Moldova’s opposition has found a creative way to skirt the EPC demonstration ban
Dozens of activists of a Moldovan opposition party walked around the capital Chisinau on Wednesday, wearing T-shirts printed with messages critical of President Maia Sandu intended for participants in the European Political Community (EPC) summit.
“Europe, if you support Maia Sandu, you also support: silencing the opposition by banning independent media; canceling free and fair elections; mass arrests targeting political opposition,” said the shirts, which were white and printed with red letters, front and back.
The activists wearing them seem to be part of the Shor political party, which Sandu has sought to ban. Its leader, Israeli-Moldovan national Ilan Shor, was recently hit by EU sanctions on Sandu’s request, for alleged “destabilizing” actions against her government.
Tweeting about the protest, Shor addressed EU leaders, telling them “the people of Moldova will show you the true colors of Sandu.”
Moldova is hosting the second-ever EPC summit starting on Thursday, drawing the leaders of 27 EU member states, senior Brussels officials, as well as 20 states currently outside the bloc. The former Soviet republic is not a member of the EU, but Sandu has applied for membership and is also aiming to join NATO.

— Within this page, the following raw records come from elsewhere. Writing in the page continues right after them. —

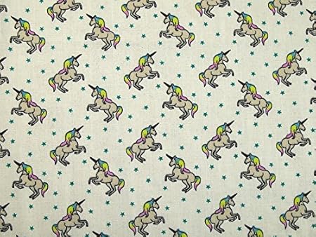 Unicorn Print Polycotton Dress Fabric Cream Per Metre Amazon Co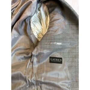 Lauren Ralph Lauren Men’s 38R Grey Plaid Blazer Wool Jacket Gold Accent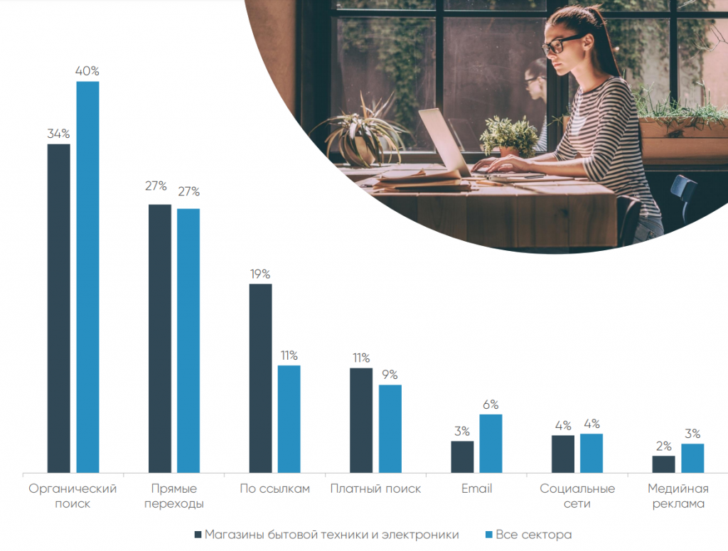 Для посещения интернет-магазинов бытовой техники и электроники покупатели в равной степени используют десктоп и мобильные устройства. Интересно, что магазины в этом сегменте отличает пониженная доля органических переходов из поиска (34% против 40% в среднем по рынку) и повышенная доля переходов из "прочих" (неклассифицированных) источников (19% против 11%).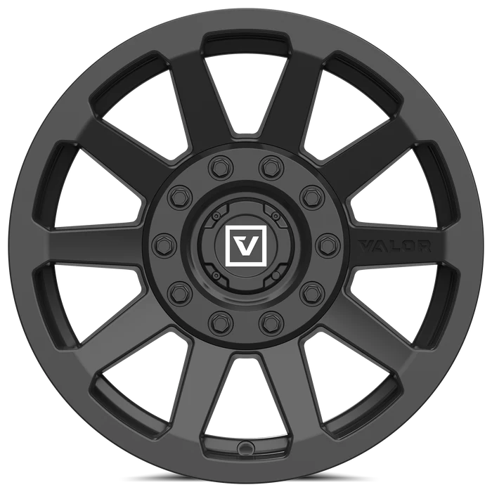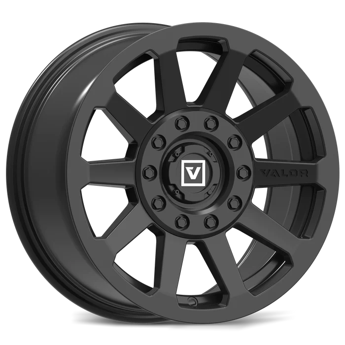 The V02 is manufactured using only A356 aluminum with T6 heat treatment for one super strong wheel. Super clean ten spoke design with debossed VALOR logo. Offroad inspired and reinforced inner lip. Engineered to exceed SAE 2530 safety specifications. Bolt-on shorty center cap with embossed white logo.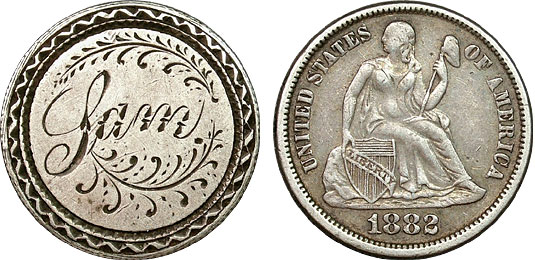 1882 U.S. Seated Dime Love Token Engraved - Sam
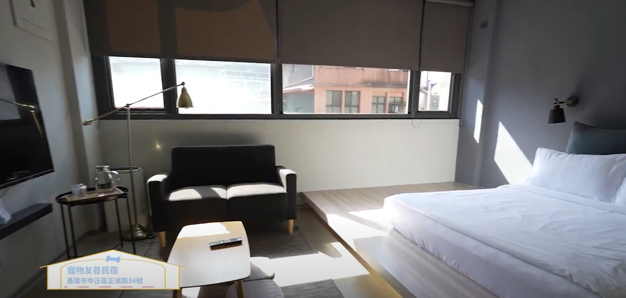 提供唯一一間的寵物友善房,一樓有小小的共享廚房,地理位置佳,基隆夜市10 分鐘,和平島公園4分鐘,正濱漁港正對面。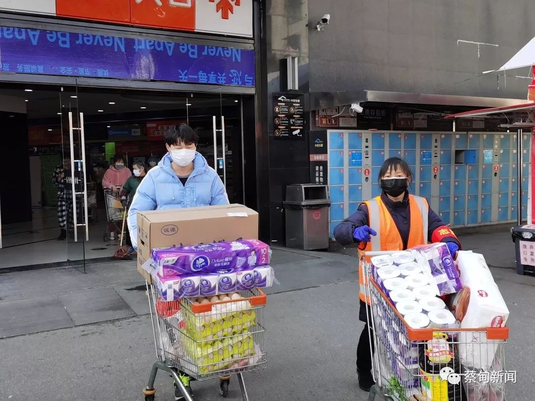 “还要买抽纸、面包、泡椒、土豆,我们还要再进去一趟,继续采买。”龚万梅和同事将2车物资装车,核对完清单后,又匆忙地推着车,回头走进了超市入口。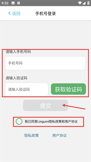 4、進(jìn)入【手機(jī)號(hào)登錄】頁(yè)面,填寫(xiě)手機(jī)號(hào)、獲取并輸入驗(yàn)證碼,勾選協(xié)議后點(diǎn)擊【提交】,完成賬號(hào)登錄流程。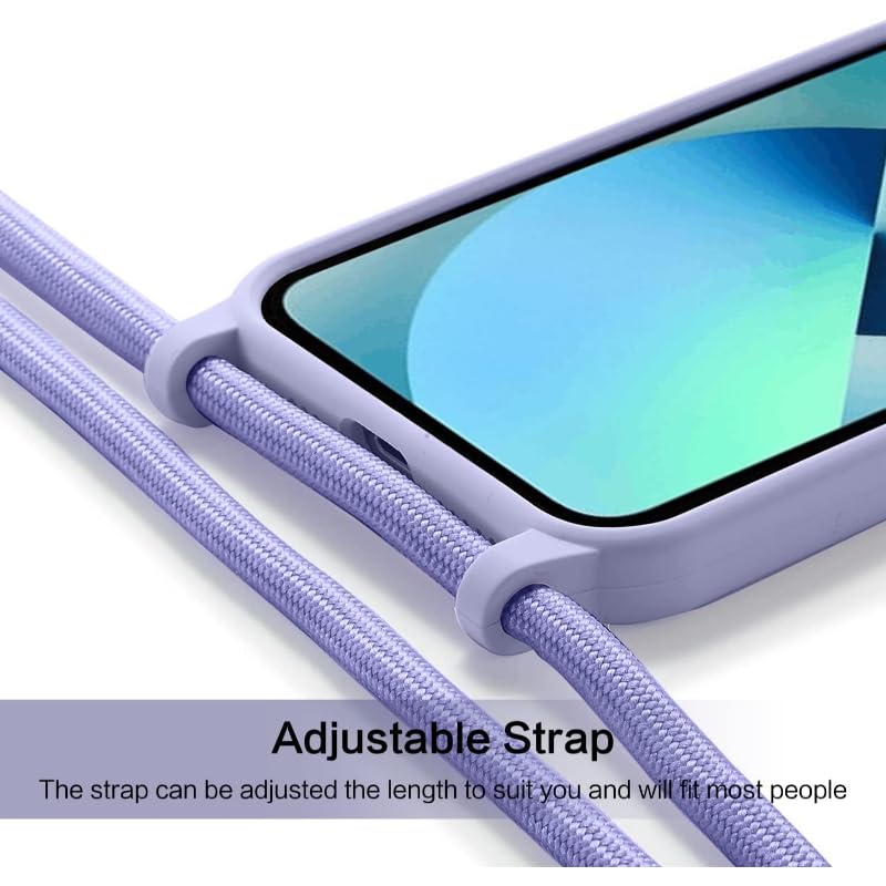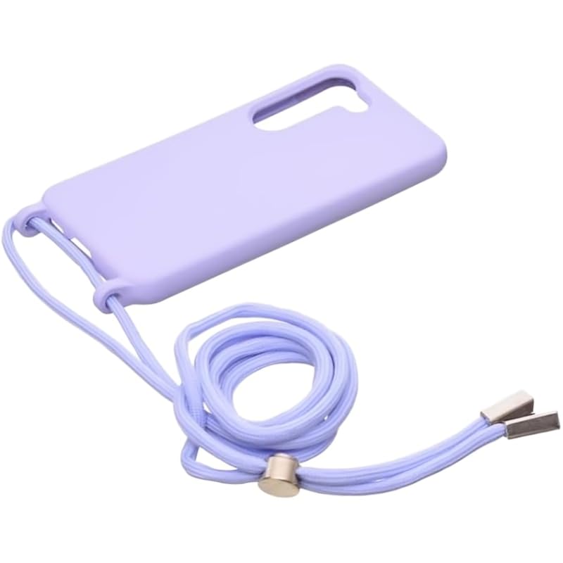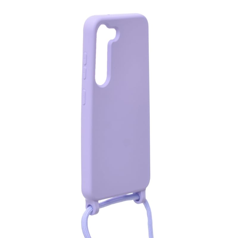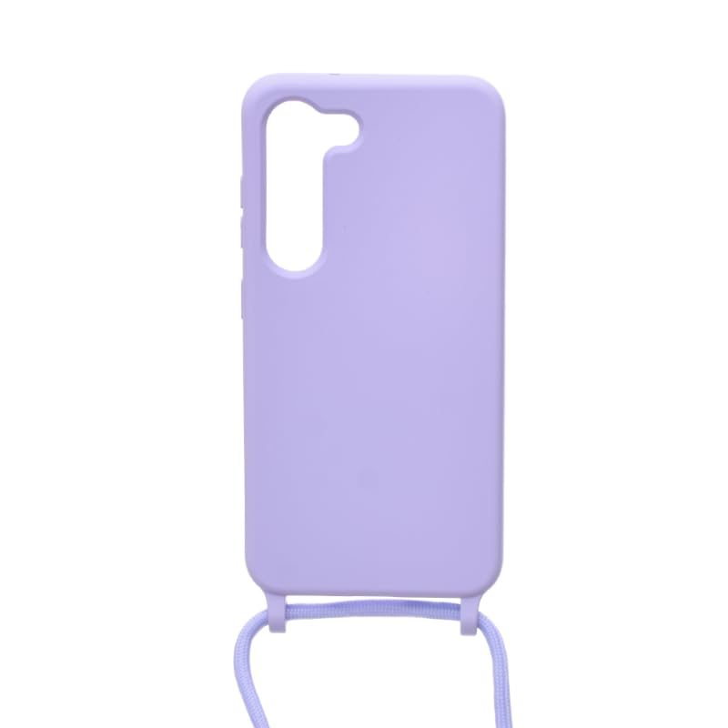 Generic - جراب حماية خلفي من السيليكون مع حزام قماشي وحواف أمان لموبايل سامسونج جالاكسي S23 ، لون أرجواني فاتح
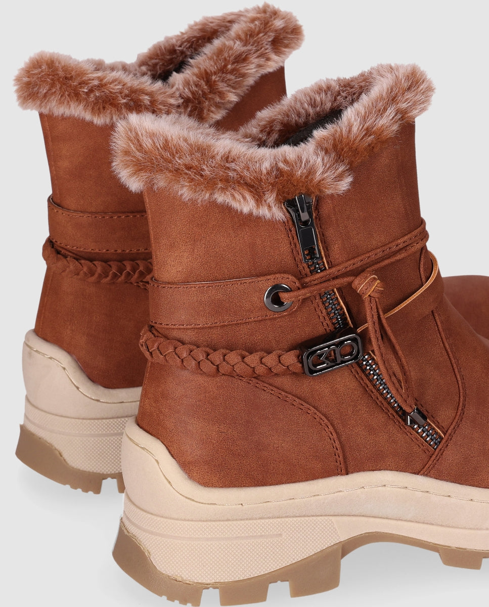 Botas estilo esquiador con cierre en cremallera. Diseñadas con una suela gruesa y un cálido forro efecto borrego en el cuello. Los apliques decorativos a modo de pulsera con puntas metálicas alrededor del tobillo añaden un toque estiloso. ¡Perfectas para tus looks más fríos!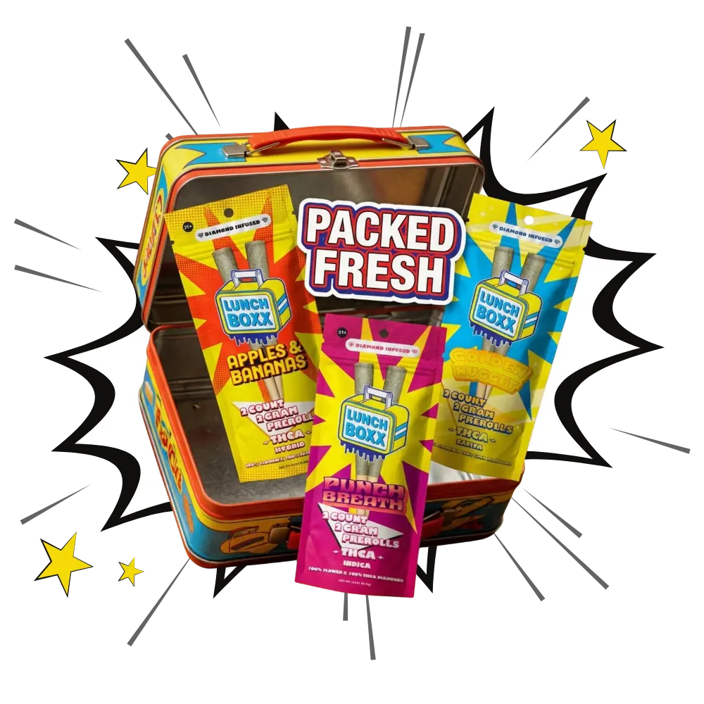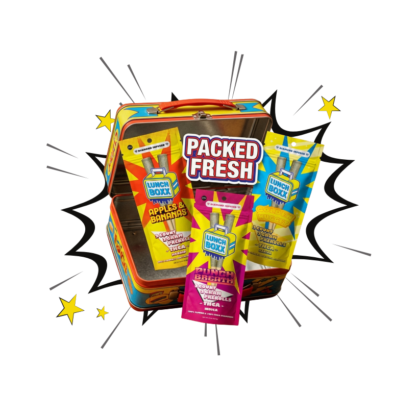 Each LunchBoxx pack contains 4 grams total with two 2-gram pre rolls packed with premium indoor-grown THCA flower.

Shor’s publicity stunt did not technically amount to a protest, as those were banned by Sandu’s government as part of security measures for the EPC summit. Several streets of Chisinau were cordoned off by yellow police tape, and Moldovan police shadowed the activists as they strolled through the capital.
“We asked them not to engage in any protests,” police spokeswoman Natalia Stati told the local outlet NewsMaker. “The mayor’s office has prohibited all protests during these days. The only thing the police asked for was that the citizens comply with this, nothing more.” The officers made no arrests, and did not demand anyone take their shirt off, Stati added.
Shor’s party advocates better relations between the former Soviet republic and Russia. Its candidate won the local elections for the parliament and governor in the autonomous region of Gagauzia, which the Moldovan government attempted to annul, alleging irregularities.
The EPC was established in 2022 as a policy coordination platform between the EU and other countries, with French President Emmanuel Macron citing the Ukraine conflict as the impetus. In addition to European countries that are not in the EU – such as the UK, Iceland, Norway and Switzerland – its membership includes former Soviet republics of Armenia, Azerbaijan, Georgia, and Ukraine.